### Task goal:
What you return must be the data below, word for word, without any images.

(Items from a data source)
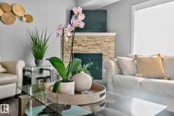 Recently Renovated! This 1739 sqft 2 bed, END UNIT TOWNHOUSE has 4 bathrooms! Located in South Terwillegar includes HEAT & WATER in the condo fee. Open Concept Main Floor boasts a Gourmet kitchen w/high-end appliances, Spacious Peninsula Kitchen, Cherry Wood Cabinets, and an abundance of drawers/cabinets throughout. Patio door access off kitchen to balcony (w/ gas-line). Air Conditioning. Large south facing windows for natural sunlight throughout. The Living Room and main floor has Stone Faced f/p, with newer luxury vinyl plank flooring, dining area & 9 ft ceilings and main floor laundry. Upstairs features large master w/16 ft loft ceiling, walk-in closet & 4-piece ensuite w/ soaker tub. Additional bedroom features a large walk in clodet & 4 piece bath completes the second floor. Recently renovated finished basement. ATTACHED SINGLE GARAGE, additional parking on outside pad - visitor parking steps from unit. Walking to spray park, public transport, shops & amenities. Quick access to Anthony Henday!
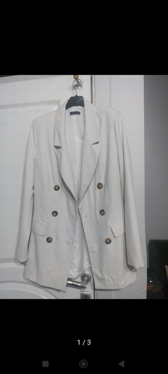 Düğmeli, beyaz renkli, keten kumaştan kadın blazer ceket. Normal boy, regular fit ve uzun kolludur. Ofis ve günlük şıklık için uygundur.
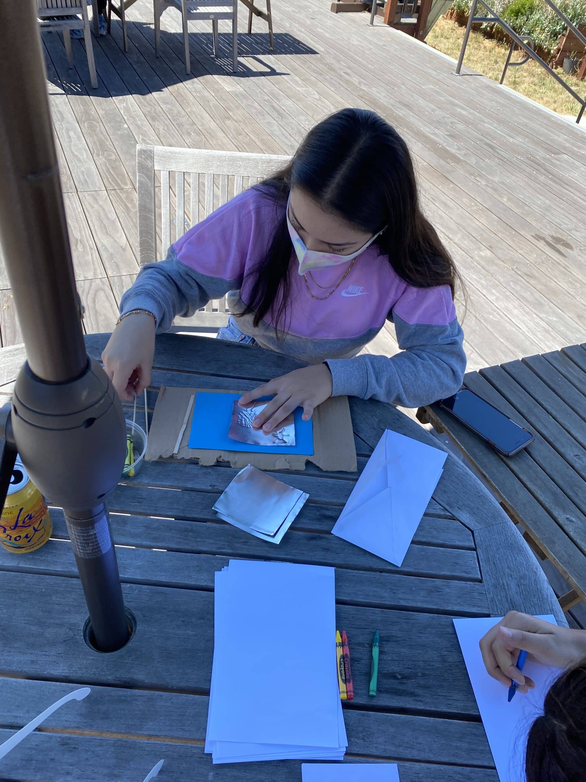 To get the kits ready for delivery, students came together, masked, outdoors, and physically distanced to package and prepare the materials.
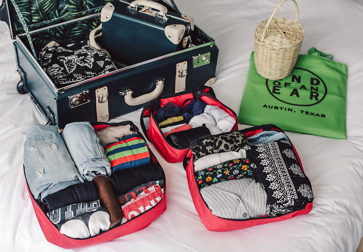 I use the brand Shacke Pak and they come in a four pack of varying sizes. For week long tips I usually up all four sizes, but for weekend trips like this one just two packing cubes did the trick for me.
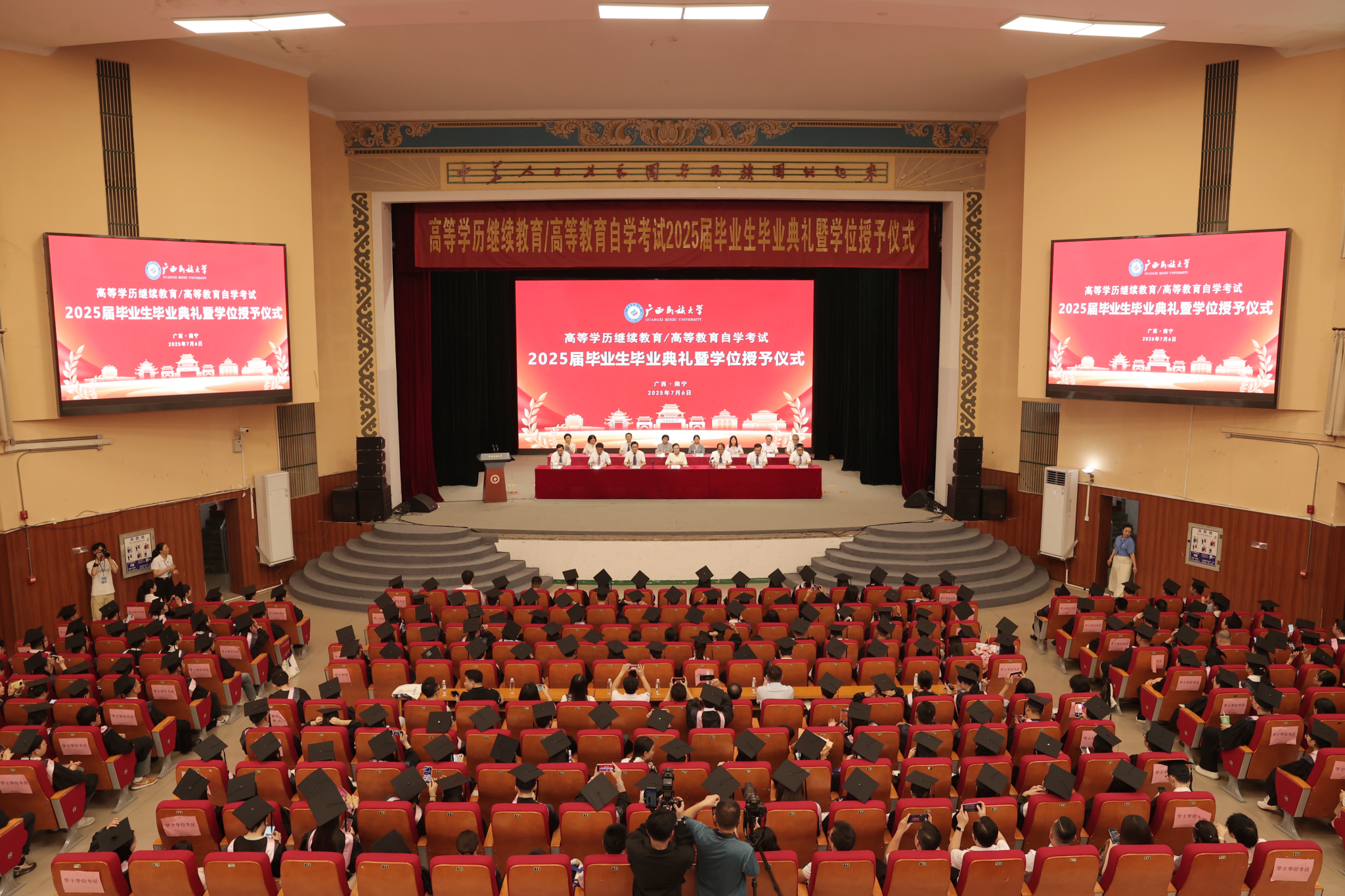 【大学生通讯社报道】7月6日上午,澳门网投官方网站在相思湖校区礼堂举行高等学历继续教育/高等教育自学考试2025届毕业生毕业典礼暨学位授予仪式。校长韦仕珍出席典礼并致辞。学校部分学位评定委员会委员,教师代表,各校外教学点、各自考合作院校负责人及工作人员, 2025届近700名毕业生参加毕业典礼暨学位授予仪式。典礼由副校长蔡高根主持。
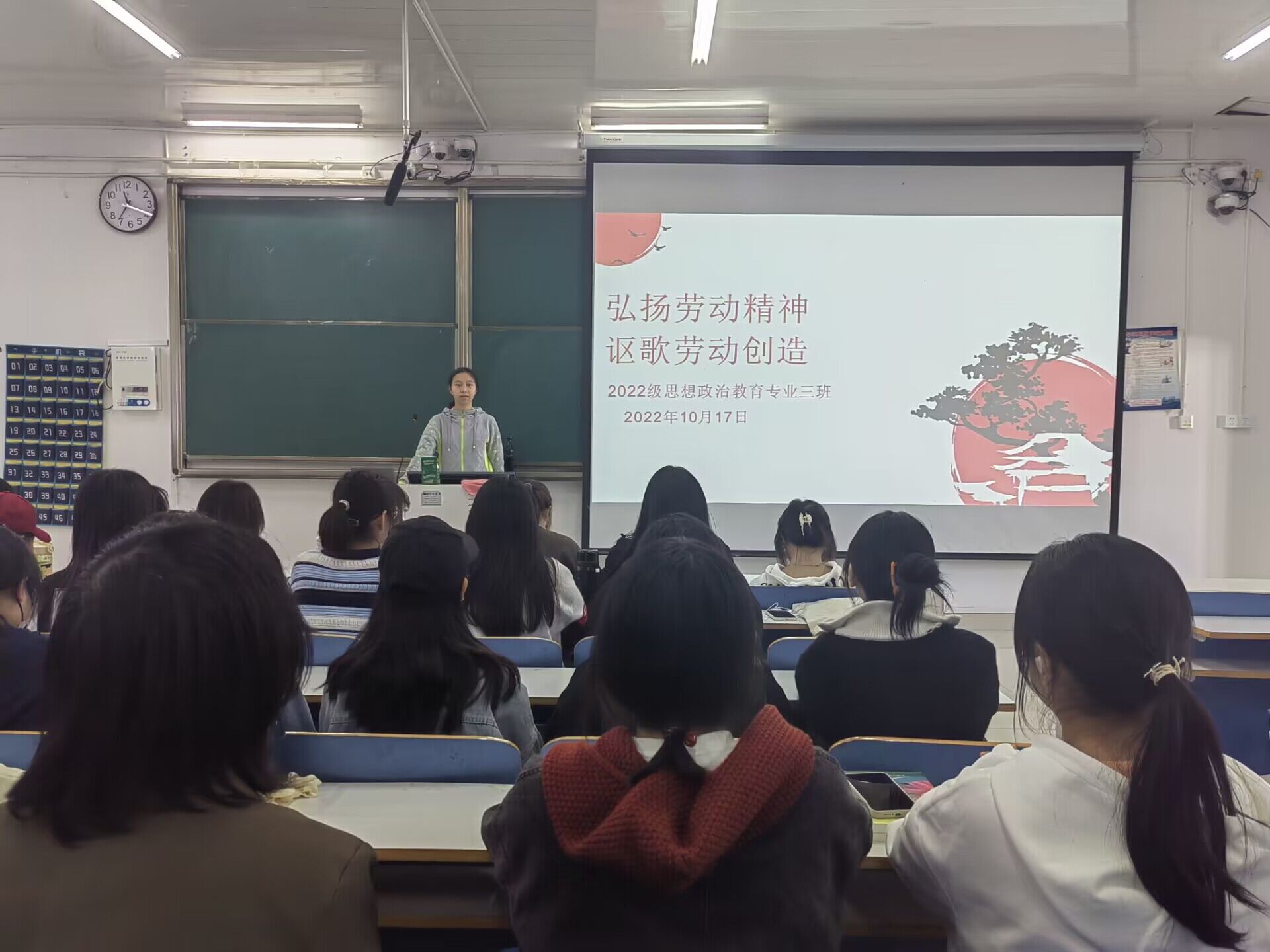 为树立正确的劳动观,切实加强大学生劳动教育,10月17日上午,七大罪 2022级思想政治教育三班在社科楼515教室召开“弘扬劳动精神,讴歌劳动创造”主题班会。2022级思想政治教育三班全体成员参加会议,会议由劳动委员郑慧芳主持。
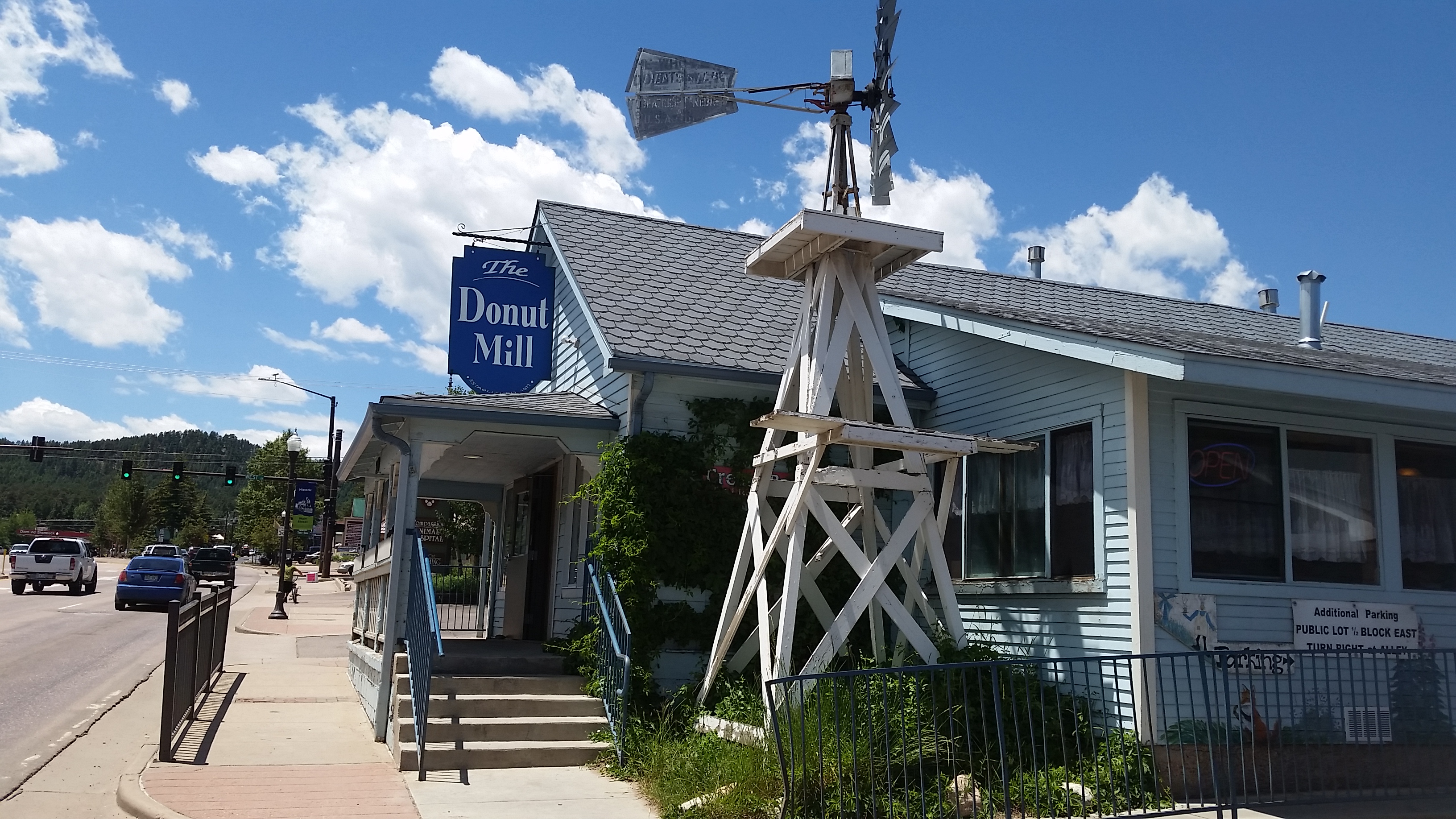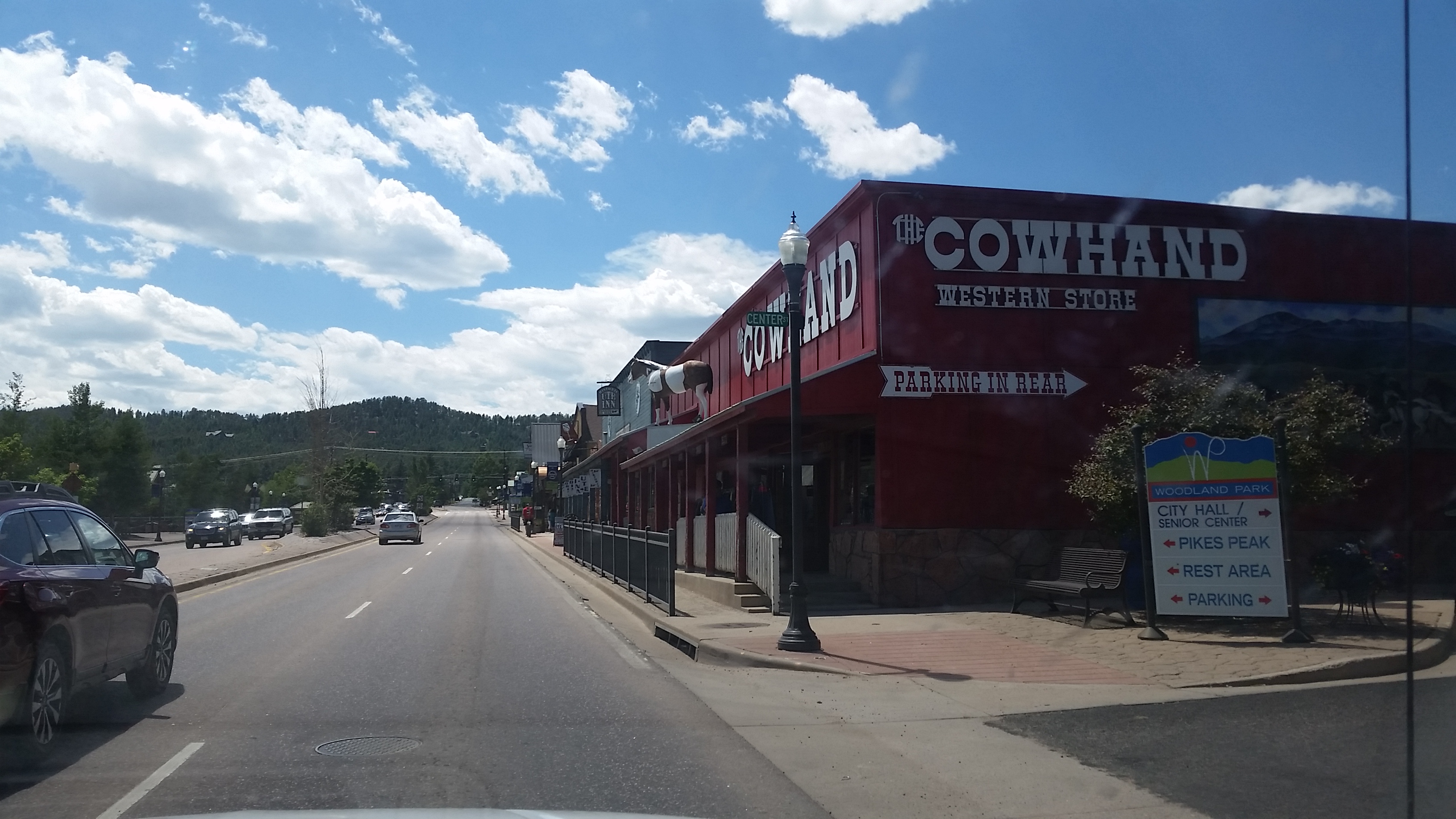 During the day on Saturday we drove into town, Woodland Park, Colorado. It is a lovely town with beautiful views of the mountains. Here’s some pictures we took today. We bought some over sized donuts at the Donut Mill which is one of the pictures below.
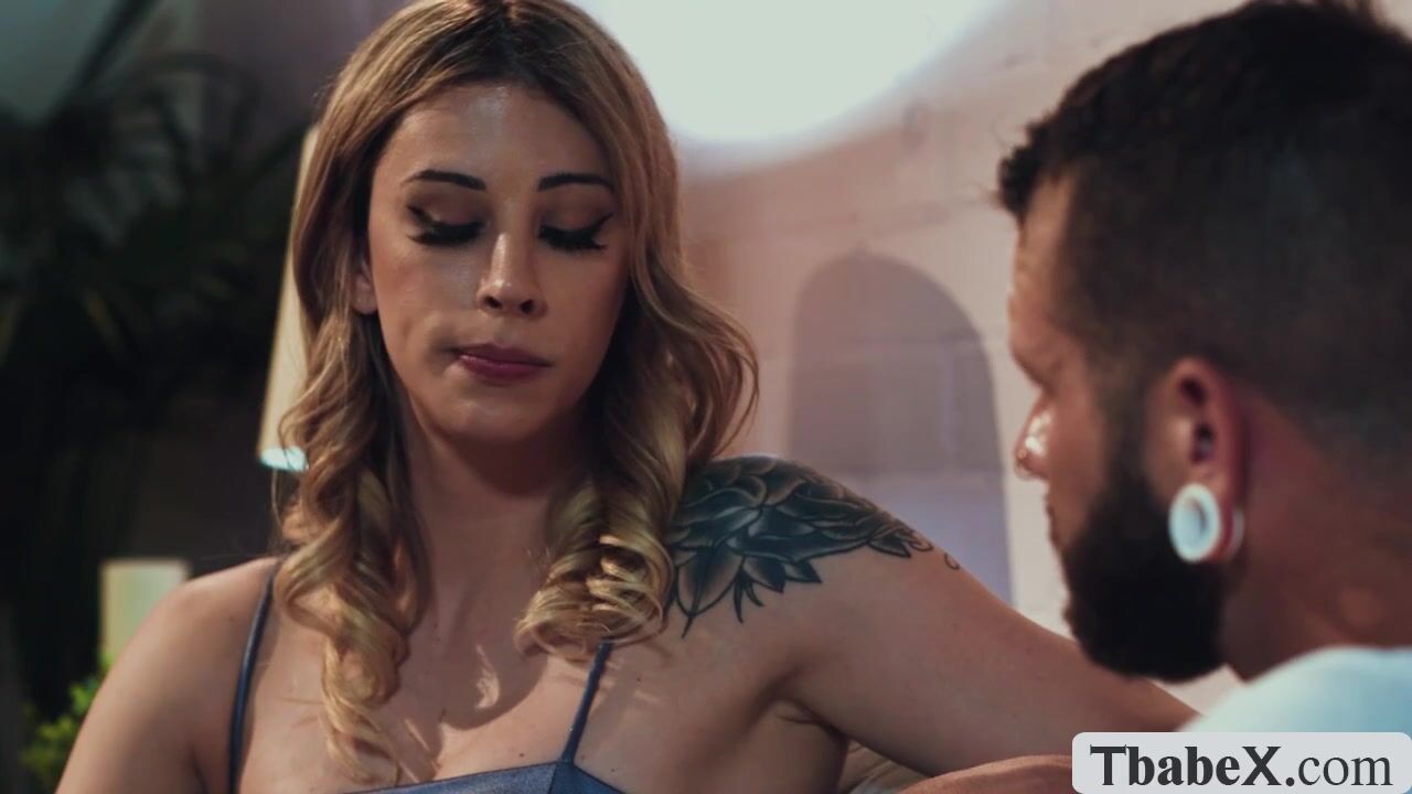 Big tits transexual Casey Kisses catch up with old hunk friend Johnny Hill and begin kissing while caressing big cock. The busty ladyboy grabs his big cock to deepthroat blowjob before her big ass takes it for a hardcore anal bareback doggystyle and missionary.

### Solved problem:
 Recently Renovated! This 1739 sqft 2 bed, END UNIT TOWNHOUSE has 4 bathrooms! Located in South Terwillegar includes HEAT & WATER in the condo fee. Open Concept Main Floor boasts a Gourmet kitchen w/high-end appliances, Spacious Peninsula Kitchen, Cherry Wood Cabinets, and an abundance of drawers/cabinets throughout. Patio door access off kitchen to balcony (w/ gas-line). Air Conditioning. Large south facing windows for natural sunlight throughout. The Living Room and main floor has Stone Faced f/p, with newer luxury vinyl plank flooring, dining area & 9 ft ceilings and main floor laundry. Upstairs features large master w/16 ft loft ceiling, walk-in closet & 4-piece ensuite w/ soaker tub. Additional bedroom features a large walk in clodet & 4 piece bath completes the second floor. Recently renovated finished basement. ATTACHED SINGLE GARAGE, additional parking on outside pad - visitor parking steps from unit. Walking to spray park, public transport, shops & amenities. Quick access to Anthony Henday!
 Düğmeli, beyaz renkli, keten kumaştan kadın blazer ceket. Normal boy, regular fit ve uzun kolludur. Ofis ve günlük şıklık için uygundur.
 To get the kits ready for delivery, students came together, masked, outdoors, and physically distanced to package and prepare the materials.
 I use the brand Shacke Pak and they come in a four pack of varying sizes. For week long tips I usually up all four sizes, but for weekend trips like this one just two packing cubes did the trick for me.
 【大学生通讯社报道】7月6日上午,澳门网投官方网站在相思湖校区礼堂举行高等学历继续教育/高等教育自学考试2025届毕业生毕业典礼暨学位授予仪式。校长韦仕珍出席典礼并致辞。学校部分学位评定委员会委员,教师代表,各校外教学点、各自考合作院校负责人及工作人员, 2025届近700名毕业生参加毕业典礼暨学位授予仪式。典礼由副校长蔡高根主持。
 为树立正确的劳动观,切实加强大学生劳动教育,10月17日上午,七大罪 2022级思想政治教育三班在社科楼515教室召开“弘扬劳动精神,讴歌劳动创造”主题班会。2022级思想政治教育三班全体成员参加会议,会议由劳动委员郑慧芳主持。
 During the day on Saturday we drove into town, Woodland Park, Colorado. It is a lovely town with beautiful views of the mountains. Here’s some pictures we took today. We bought some over sized donuts at the Donut Mill which is one of the pictures below.
 Big tits transexual Casey Kisses catch up with old hunk friend Johnny Hill and begin kissing while caressing big cock. The busty ladyboy grabs his big cock to deepthroat blowjob before her big ass takes it for a hardcore anal bareback doggystyle and missionary.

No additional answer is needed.